Test-quality properties that make this work¶
- Clear names —
shouldRejectNegativeAmountsteaches more thantest123. - One assertion per test — failure tells the agent which property broke.
- Realistic fixtures — not so stripped-down the test teaches a wrong model of the domain.
- Tight arrange/act/assert separation — the agent can read the inputs, action, and oracle independently.
Sibling patterns in the wiki¶
- patterns/executable-specification — the formal-spec tier: a compact model of the system (~1% the size) in the production language, validated via property-based testing (systems/shardstore). This pattern (tests-as-spec) is the test-suite-not-formal-spec tier of the same idea.
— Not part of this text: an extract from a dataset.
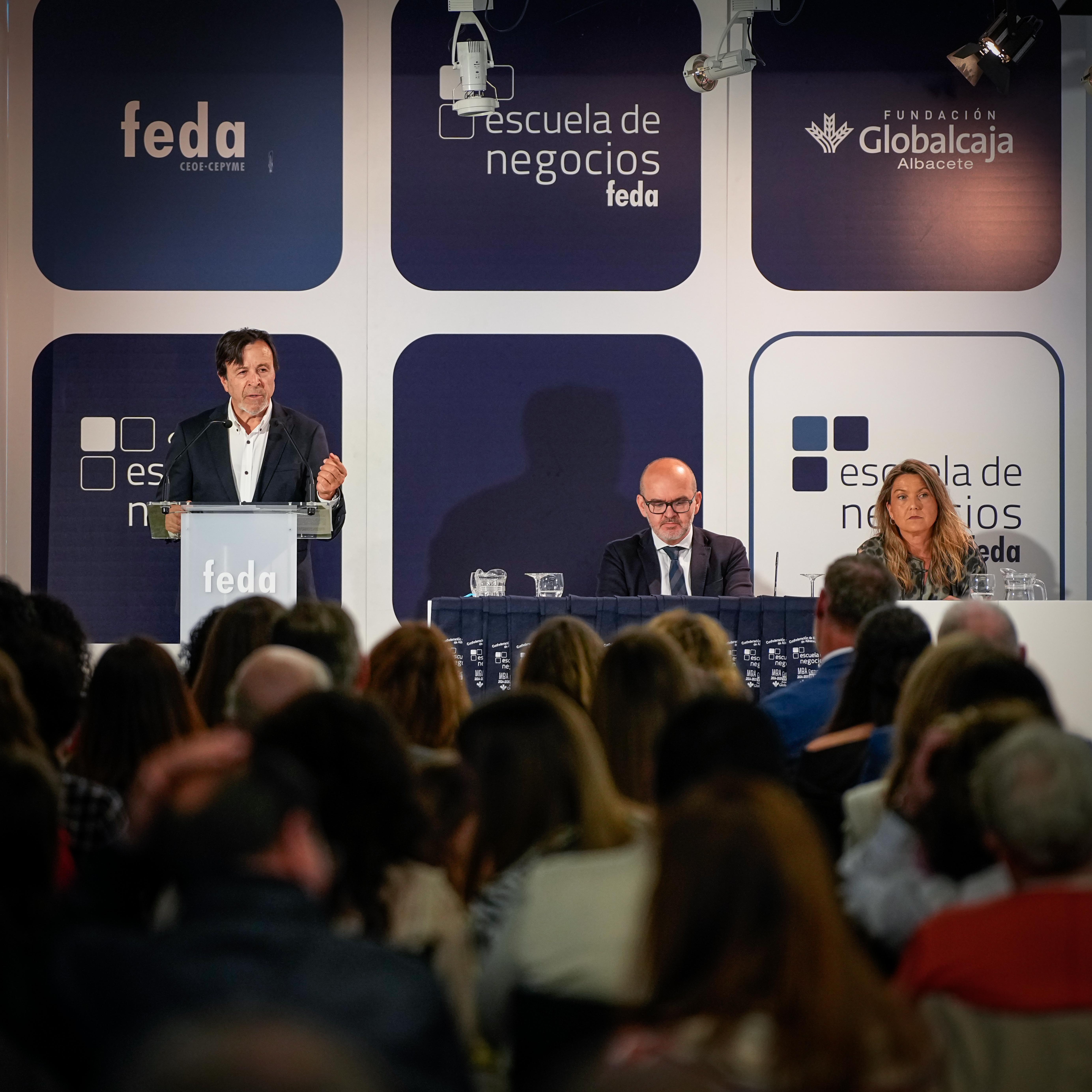 El apoyo a FEDA y a Escuela de Negocios FEDA vino de la mano de las diferentes instituciones, conscientes de la formación de excelencia que se ofrece desde la Confederación de Empresarios. Antonio González, director de Fundación Globalcaja, reconoció que en la entidad que representa “compartimos valores comunes con FEDA y con Escuela de Negocios”, destacando la excelencia de los programas formativos y lanzando un mensaje a los titulados y tituladas: “Tenéis que encontrar algo que améis. La única forma de hacer un gran trabajo es amar lo que hacéis”.

- patterns/test-case-generation-from-spec — inverse direction: generate tests from a spec.
- concepts/specification-driven-development — the broader concept this pattern is a concrete realization of at the test-suite tier.
Pairs with¶
- patterns/layered-testing-strategy — unit + contract + smoke tests, each tier a different spec granularity.
- concepts/contract-first-design — contract tests verify a formal contract the agent can also consult directly.
Caveats¶
- Bad tests teach wrong behavior. If tests lie (flaky, wrong assertions, inverted expectations), the agent learns the lie. Test quality is load-bearing under this pattern.
- Coverage gaps are invisible teachers. Absent tests look like "no spec"; the agent may invent plausible-but-wrong behavior. Pair with concepts/specification-driven-development for the formal-spec tier.
- No measurement in the 2026-03-26 source of how much agent behavior improves under well-written tests vs poorly-written ones.
Seen in¶
- sources/2026-03-26-aws-architecting-for-agentic-ai-development-on-aws — pattern introduction; "tests do more than catch regressions, they define acceptable behavior".